=== Exercise details ===
After locating the line that contains "スモーカーラビット Posted on", transcribe exactly that line and each one after it until the data ends, skipping pictures.

::: Data provided :::

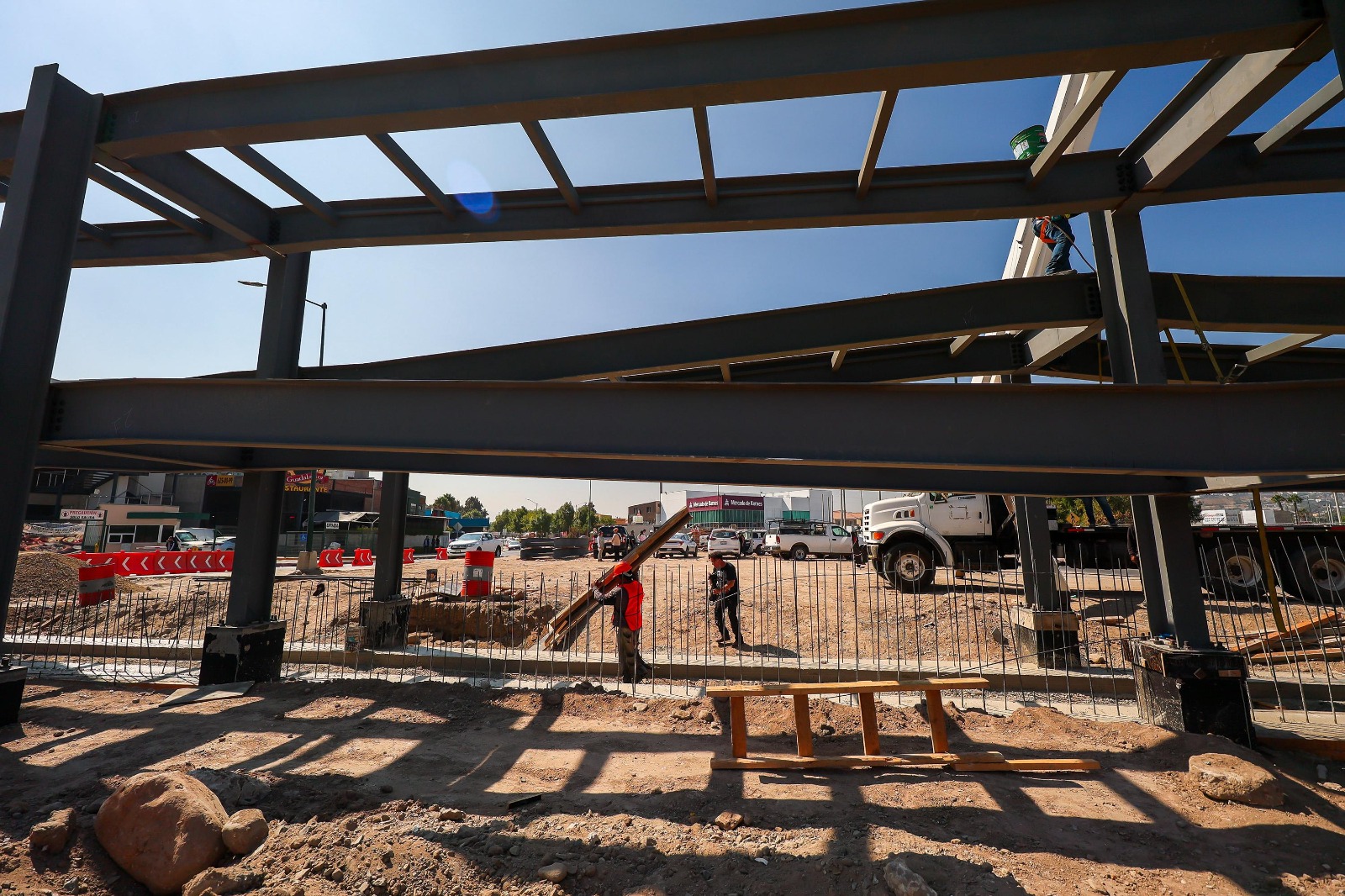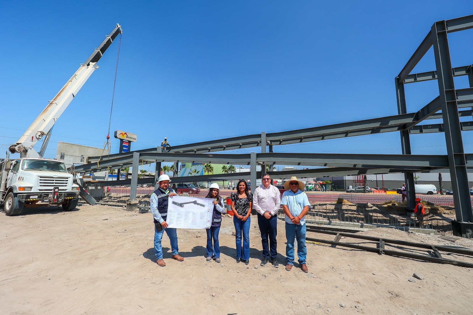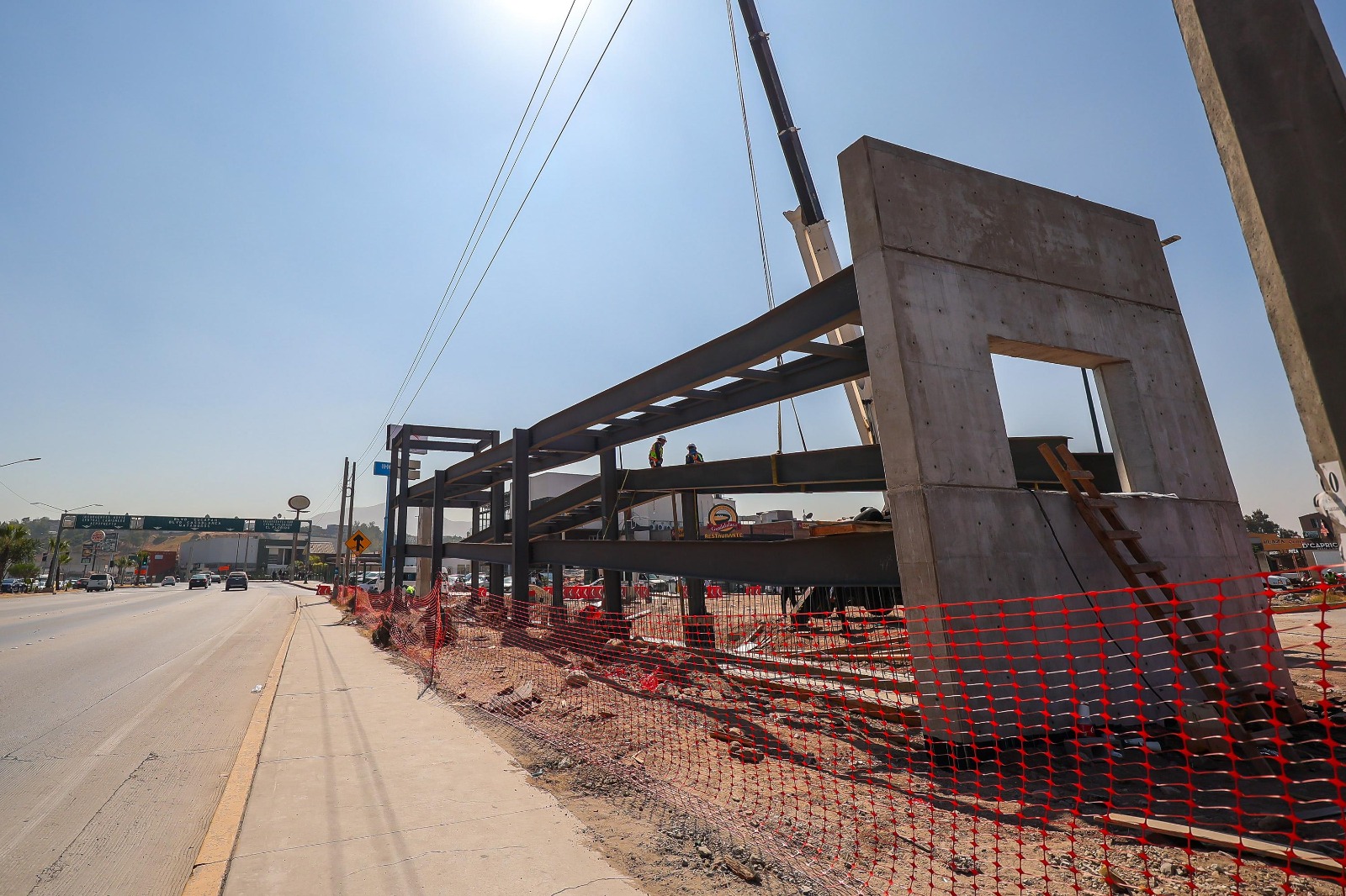 Tijuana, Baja California, a 27 de agosto de 2024.- El gobierno de la alcaldesa Montserrat Caballero Ramírez invierte más de 27 millones de pesos en la construcción del puente peatonal a la altura de la plaza comercial Macroplaza, zona donde al día circulan un promedio de 60 mil automóviles en ambos sentidos y cruzan 5 mil personas.
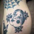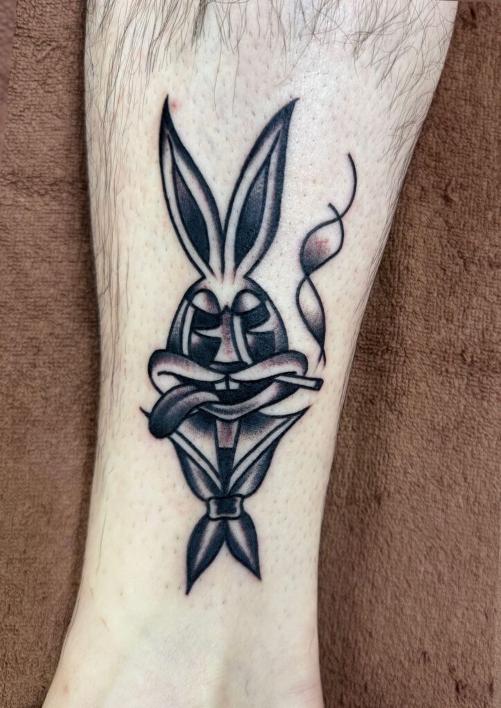 スモーカーラビット Posted on 2025年11月15日 in Tattoo作品【ブラックワーク】 こんばんは。 エリカです。 今日はアメトラのうさぎです。 タバコを吸いながら文句を言ってるような顔にしました。 40年代の漫画のようなテイストで描いてみました。 セーラ服はカスタムさんのこだわりの一つです。 ボカシは優しいぼかしより針のドットが残るように入れて、濃いめと薄めのぼかしに分けました。 . . . 関連記事はこちら おかめさんと笠おばけ タトゥーフラッシュ!
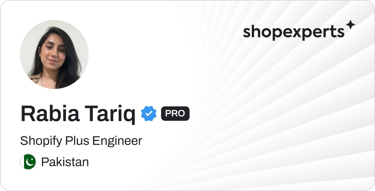 โ Rabia Tariq โ Shopify Plus Engineer ยท โญ 5.0 (13 reviews)

:::

=== Answer space ===
 スモーカーラビット Posted on 2025年11月15日 in Tattoo作品【ブラックワーク】 こんばんは。 エリカです。 今日はアメトラのうさぎです。 タバコを吸いながら文句を言ってるような顔にしました。 40年代の漫画のようなテイストで描いてみました。 セーラ服はカスタムさんのこだわりの一つです。 ボカシは優しいぼかしより針のドットが残るように入れて、濃いめと薄めのぼかしに分けました。 . . . 関連記事はこちら おかめさんと笠おばけ タトゥーフラッシュ!
 โ Rabia Tariq โ Shopify Plus Engineer ยท โญ 5.0 (13 reviews)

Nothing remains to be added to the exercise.